- Luen-Fai Tam in 2022
- Born: 1947
- Died: 20 November 2025 (aged 77–78)
- Education: Stanford University
- Scientific career
- Fields: Differential geometry General relativity Complex geometry Harmonic maps
- Workplaces: Chinese University of Hong Kong University of California, Irvine University of Illinois at Chicago Purdue University
- Thesis: The Behavior of Capillary Surfaces as Gravity Tends to Zero (1984)
- Doctoral advisor: Robert S. Finn
- Other academic advisors: Peter Li (postdoc mentor)
- Doctoral students: 5

= Luen-Fai Tam =

Mathematician

Luen-Fai Tam (Chinese: 譚聯輝, 1947 – 20 November 2025) was a mathematician working in differential geometry, general relativity, and complex geometry. He was a research professor at the Chinese University of Hong Kong.

== Career ==
Tam obtained his PhD in 1984 at Stanford University, advised by Robert S. Finn with a thesis on the behavior of capillary surfaces in low gravity. After completing his doctoral studies, Tam was appointed as a research assistant professor at Purdue University from 1984 to 1986, where his research shifted towards geometric aspects of partial differential equations. In 1986, he joined the University of Illinois at Chicago as a tenure-track assistant professor. From 1987 to 1990, he was a lecturer at the Chinese University of Hong Kong (CUHK). He then moved to the University of California, Irvine as an associate professor in 1990 and was promoted to a full professor there from 1992 to 1997. Tam returned to CUHK in 1997 as a senior lecturer until his retirement in 2007. Following his retirement, Tam was appointed as a research professor at CUHK and advised five doctoral students.

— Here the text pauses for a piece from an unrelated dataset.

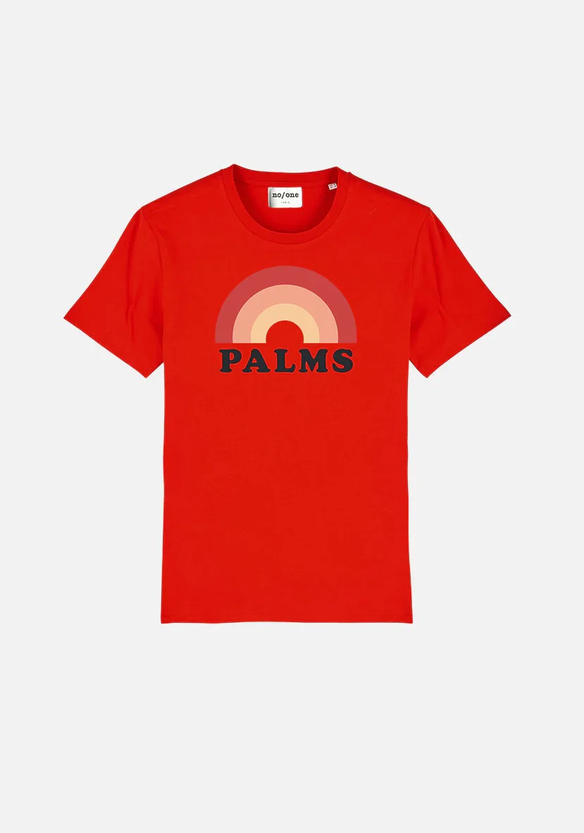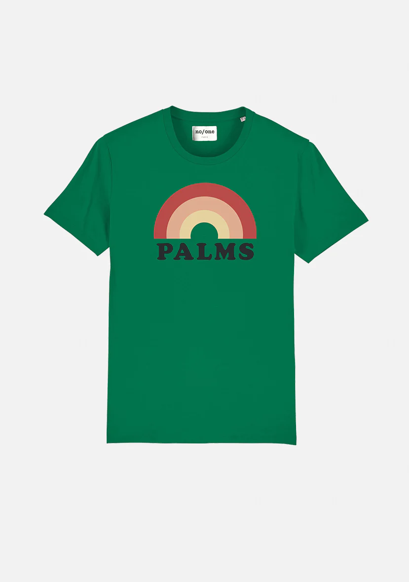 T-shirt unisexe manches courtes en coton bio avec imprimé « PALMS » sur la poitrine. Ce motif arc-en-ciel revisité est un clin d’œil aux divers quartiers de Los Angeles, offrant un t-shirt léger et intemporel.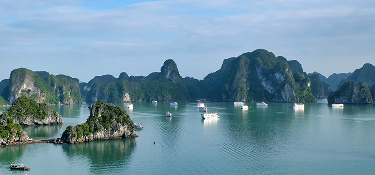 Stay overnight on a cruise in Halong Bay, a UNESCO World Heritage Site near Hanoi, to fully enjoy the stunning natural beauty of the limestone islands, explore the caves, or simply go diving and swimming in the shimmering sea.

Tam had published 96 mathematical research articles with over 1,300 citations by 546 mathematicians. His research included geometric analysis, harmonic functions, harmonic maps on complete noncompact Riemannian manifolds, mathematical relativity, and complex Kähler manifolds. According to MathSciNet, he had collaborated with 29 mathematicians, including Peter Li at UC Irvine (Tam's postdoctoral mentor while at Purdue) and Yuguang Shi at Peking University.

In honor of Tam's birthday and mathematical contributions, a conference on geometric analysis and mathematical relativity was held at Fujian Normal University in December 2018.